White farmers evicted from their land in Zimbabwe won a symbolic victory Monday when a government-owned house in Cape Town was sold to pay compensation, a lawyer involved in the case said.
The auction of the house, which went for 3.76 million rand ($282,000), was the final step in a complicated case that has been fought through the South African courts for years by a group of Zimbabwean farmers.
But it is unlikely that the farmers will see any of the cash, which will mainly go to cover court costs, said lawyer Willie Spies.
If anything is left over, German bank group KFW Bank Gruppe, which joined the legal action and is believed to be owed tens of millions of dollars by President Robert Mugabe's government, would take the lion's share, he said.
"This is a symbolic victory and we will pursue other commercial properties owned by Zimbabwe," said Spies, who represented the farmers through AfriForum, a mainly white civil rights group in South Africa.
Zimbabwe government representatives attended the auction, but did not bid, he said.

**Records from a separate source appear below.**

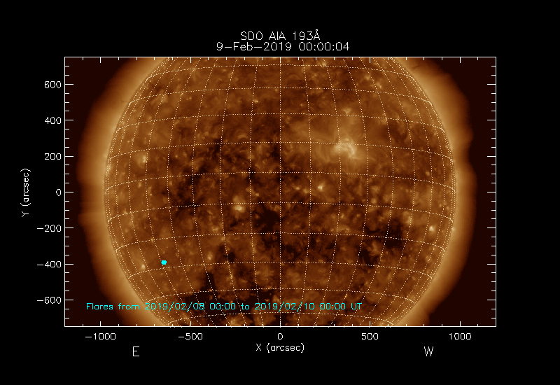 Flares for the 48 hours leading up to the time are over-plotted; these are rotated to the time of the FITS image.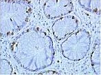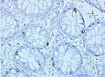 1.福爾馬林固定,石蠟包埋,人乙狀結腸組織切片,經抗原修復鍋進行抗原暴露,R-Buffer C (pH 6.0),組織玻片降溫過夜,抗體MIB-1,抗原Ki-67,R-Detect HRP系統染色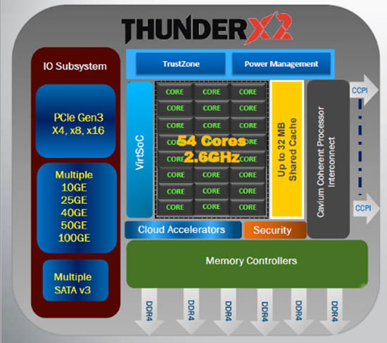 54-ядерные ARM-чипы Cavium ThunderX2 будут быстрее Intel Xeon E5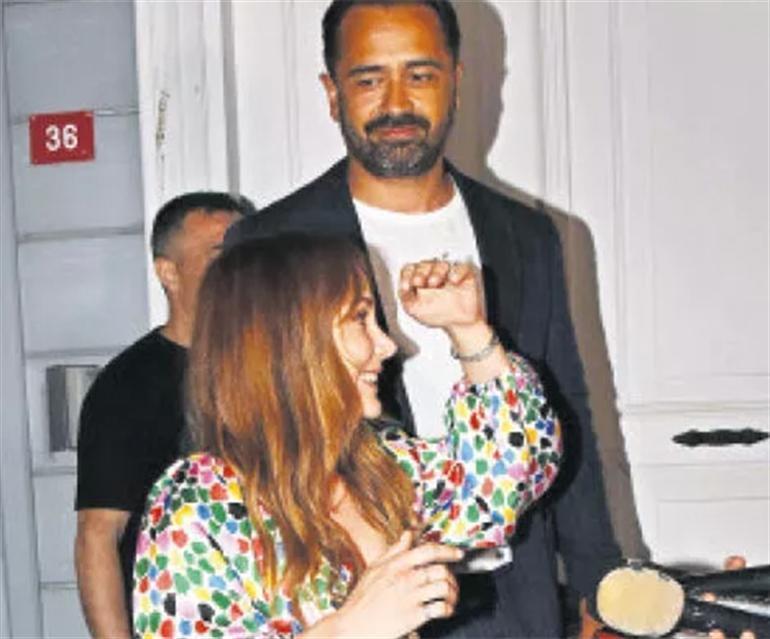 Demet Evgar'ın Emirgan'daki evinde gerçekleşen düğüne katılan ünlü çiftten Terzioğlu'nun parmağındaki tektaş yüzük dikkatlerden kaçmamıştı.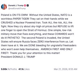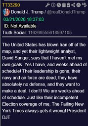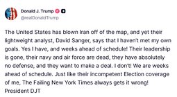 >>24410201 @realDonaldTrump The United States has blown Iran off of the map, and yet their lightweight analyst, David Sanger, says that I haven’t met my own goals. Yes I have, and weeks ahead of schedule! Their leadership is gone, their navy and air force are dead, they have absolutely no defense, and they want to make a deal. I don’t! We are weeks ahead of schedule. Just like their incompetent Election coverage of me, The Failing New York Times always gets it wrong!

The case began with a ruling in 2008 by a tribunal of the Southern African Development Community (SADC), which found that Zimbabwe had wrongly taken land from a group of nearly 80 farmers who brought the case, saying they had been targeted due to their race.
The tribunal, which was later disbanded, ruled that they should be compensated.
Zimbabwe rejected the verdict, but a South African court ruled that it could be applied locally as South Africa was a member of SADC.
Zimbabwe fought the judgement through to South Africa's Constitutional Court, which confirmed in a landmark judgement in 2013 that the farmers could sue in South African courts for compensation and attach Zimbabwegovernment assets in the country.
Three other Zimbabwean properties targeted by AfriForum were declared to be covered by diplomatic immunity, while the Cape Town house had been rented out commercially and was therefore liable to seizure, Spies said.
"AfriForum regards its litigation against the Zimbabwe government as a civil sanction campaign against the ongoing and systemic abuse of human rights and the rule of law, and the destruction of land ownership in Zimbabwe," the group said in a statement.
Mugabe's land reforms, launched in 2000 and accompanied by violent evictions of thousands of white farmers, were aimed at redistributing farms to landless blacks.
But critics say they mostly benefitted the veteran leader's cronies, led to a devastating drop in agricultural production and crippled the economy.